Personal information
- Born: December 17, 1941 Rose Valley, Saskatchewan, Canada
- Died: August 1, 2021 (aged 79) State College, Pennsylvania, United States
- Occupation: Jockey

Horse racing career
- Sport: Horse racing
- Career wins: 7,396

Racing awards
- United States Champion Jockey by wins (1979, 1981) Avelino Gomez Memorial Award (1996)

Honours
- Canadian Horse Racing Hall of Fame (1993)

Significant horses
- Leading rider at Fairmount Park (14 times)

= David A. Gall =

American jockey (1941–2021)

David Allen Gall (December 17, 1941 – August 1, 2021) was a Canadian-American Thoroughbred horse racing Hall of Fame jockey, who ranked fifth in lifetime wins by North American jockeys and who was the first jockey in the United States to ride eight winners on a single racecard. Gall was born in Rose Valley, Saskatchewan.

==Riding career==
Gall began his career riding at tracks in Regina, Saskatchewan, Edmonton and Calgary in Alberta, and Winnipeg, Manitoba before going to the Hastings Racecourse in Vancouver, British Columbia. He would follow the path of other Canadian jockeys like George Woolf and Johnny Longden and head south to tracks in California. Eventually he made his way to Illinois where, dubbed "The General" by fans and the media, he would dominate racing at Fairmount Park Racetrack and Cahokia Downs.

==Achievements==
During a 43-year career, Gall was a two-time winner of the United States national riding title, winning more races than any other rider in 1979 and 1981. On October 18, 1978, he won eight races on a single racecard at Cahokia Downs. He finished in first place in all but two of the 10 races, and narrowly missed winning a ninth race by placing second in a photo finish (a reporter noted that except for that race "there would not have been any need for asterisks". Hubert Jones had won 8 of 13 races in 1944 at Agua Caliente in Tijuana in Mexico, and Jorge Tejeira had won 8 races out of 12, although at two different race courses in the same day. and won seven races on five occasions.

==Honors==
In 1993, Gall was inducted into the Canadian Horse Racing Hall of Fame. In 1996 he was the recipient of the Avelino Gomez Memorial Award, given annually to a jockey who is Canadian-born, Canadian-raised, or a regular in the country for more than five years, who has made significant contributions to the sport.

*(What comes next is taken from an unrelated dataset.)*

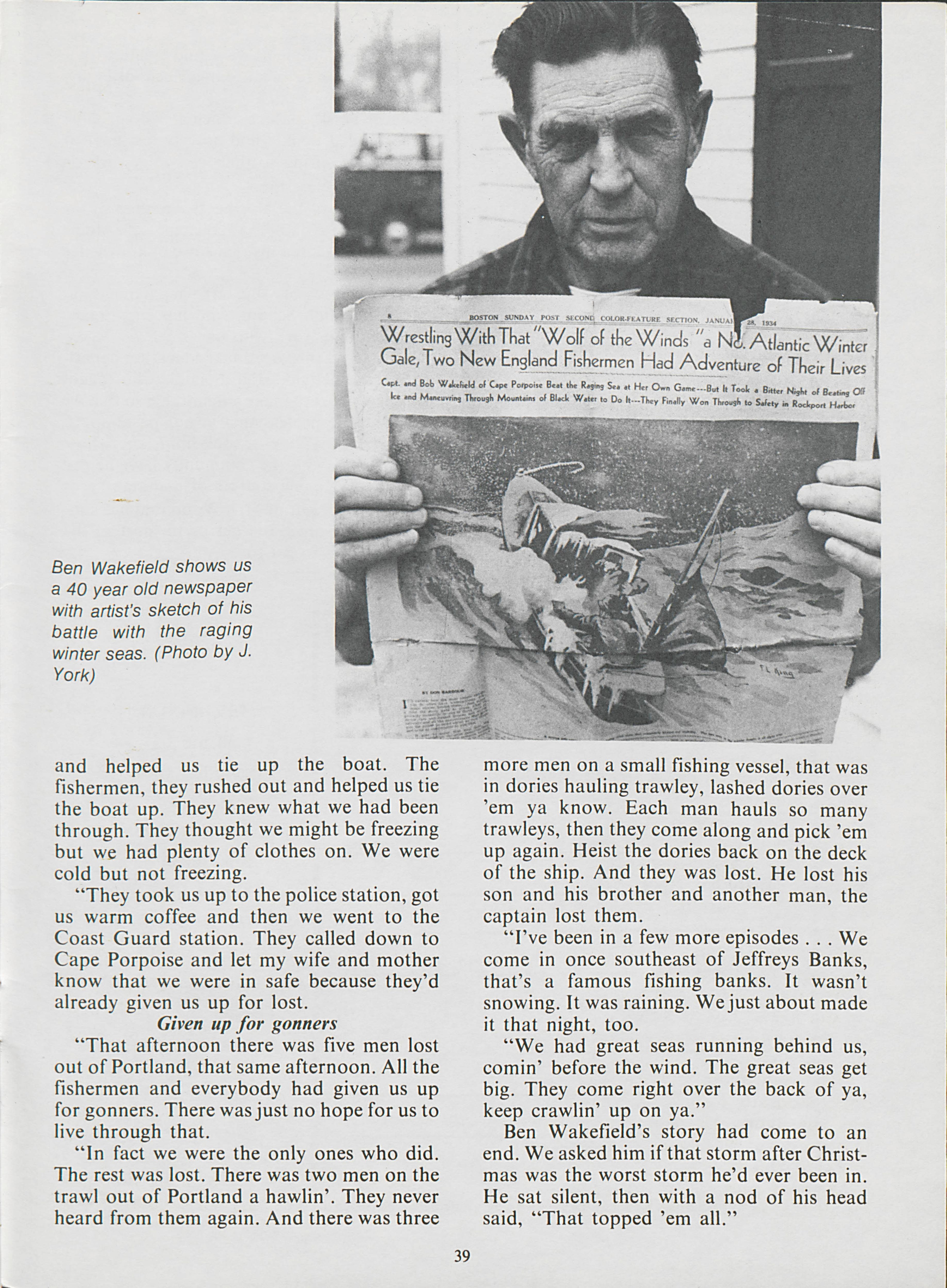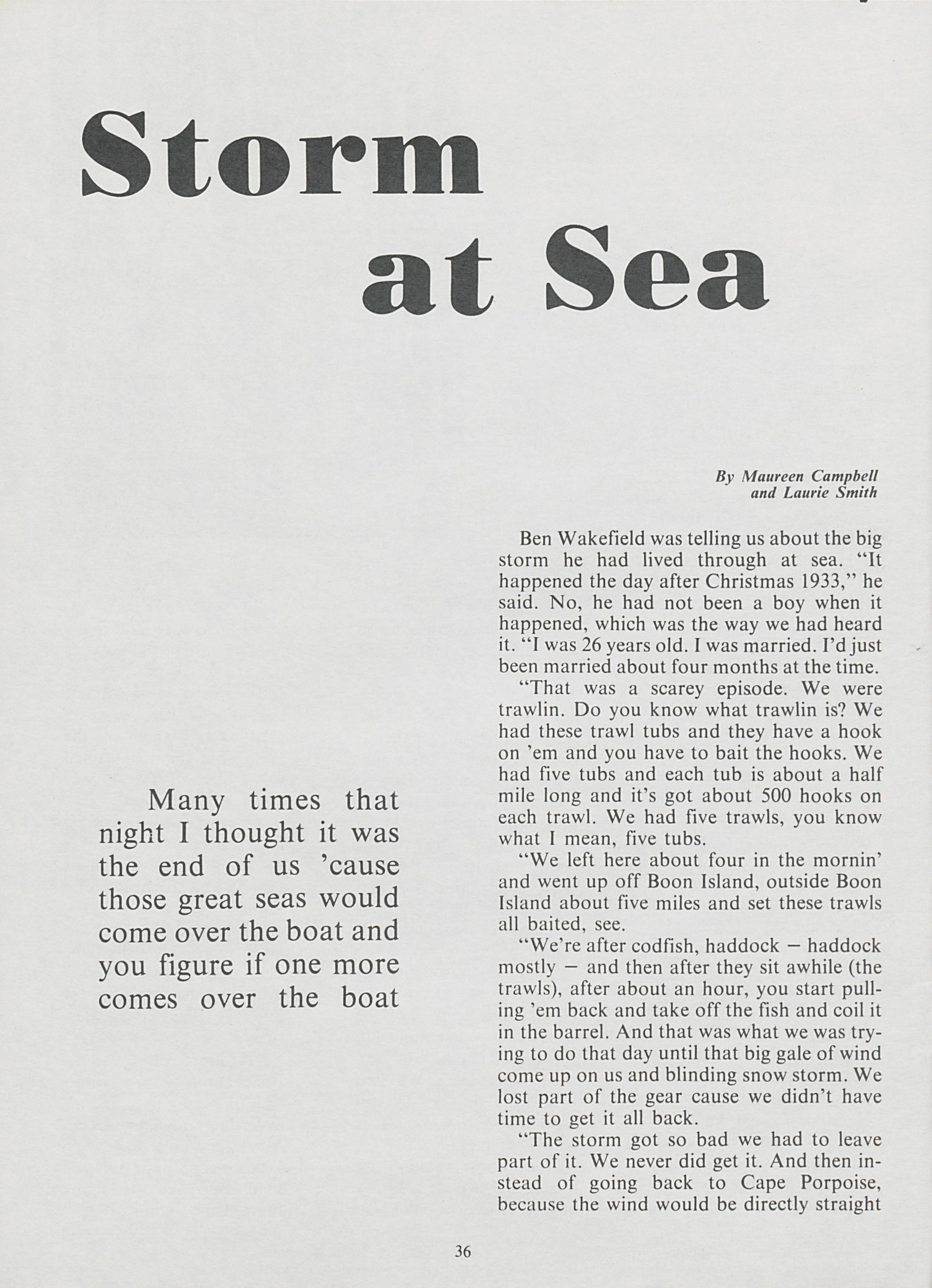 On the day after Christmas in 1933, Ben Wakefield found himself facing a big storm while on the sea. Maureen Campbell and Laurie Smith document Wakefield's story of battling against the winter seas.
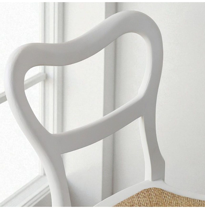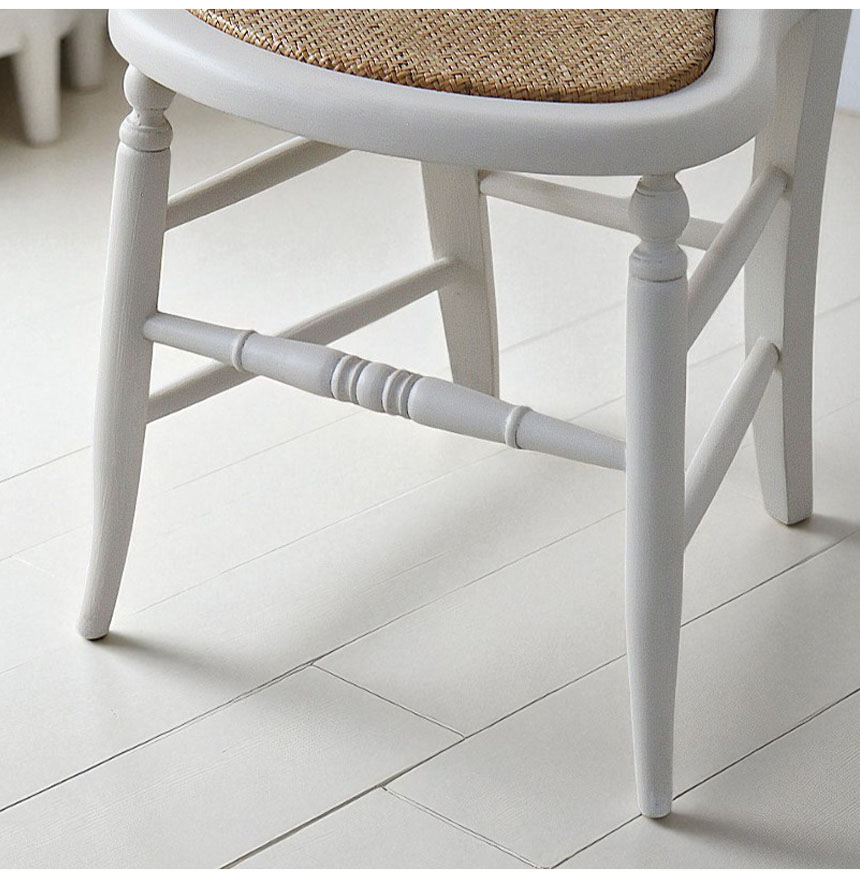 ![]() 見た目も座り心地も、心地よく フレンチ家具らしい藤の座面が、軽やかな印象と上品さを演出。 さらに、座面下部にウレタンを入れることで、 藤チェア特有の沈み込みを防ぎ、耐久性もアップ。 長く使っても破れにくく、美しい佇まいを保てる工夫が詰まっています。 ![]() 小さくても、しっかり支える安心感 コンパクトなサイズながら、長く使ってもぐらつきにくいよう、 脚部にはしっかりとした補強を施しました。 強度を高めつつも、繊細なフォルムや美しいラインを損ねないデザイン性も魅力。

Gall retired from riding on September 18, 1999, ranked fourth all-time among jockeys for races won in the history of American Thoroughbred racing with 7,396 victories from 41,709 mounts. He has remained in the industry as a trainer/owner until retiring in 2011.

==Death==
Gall died on August 1, 2021, at his home in State College, Pennsylvania.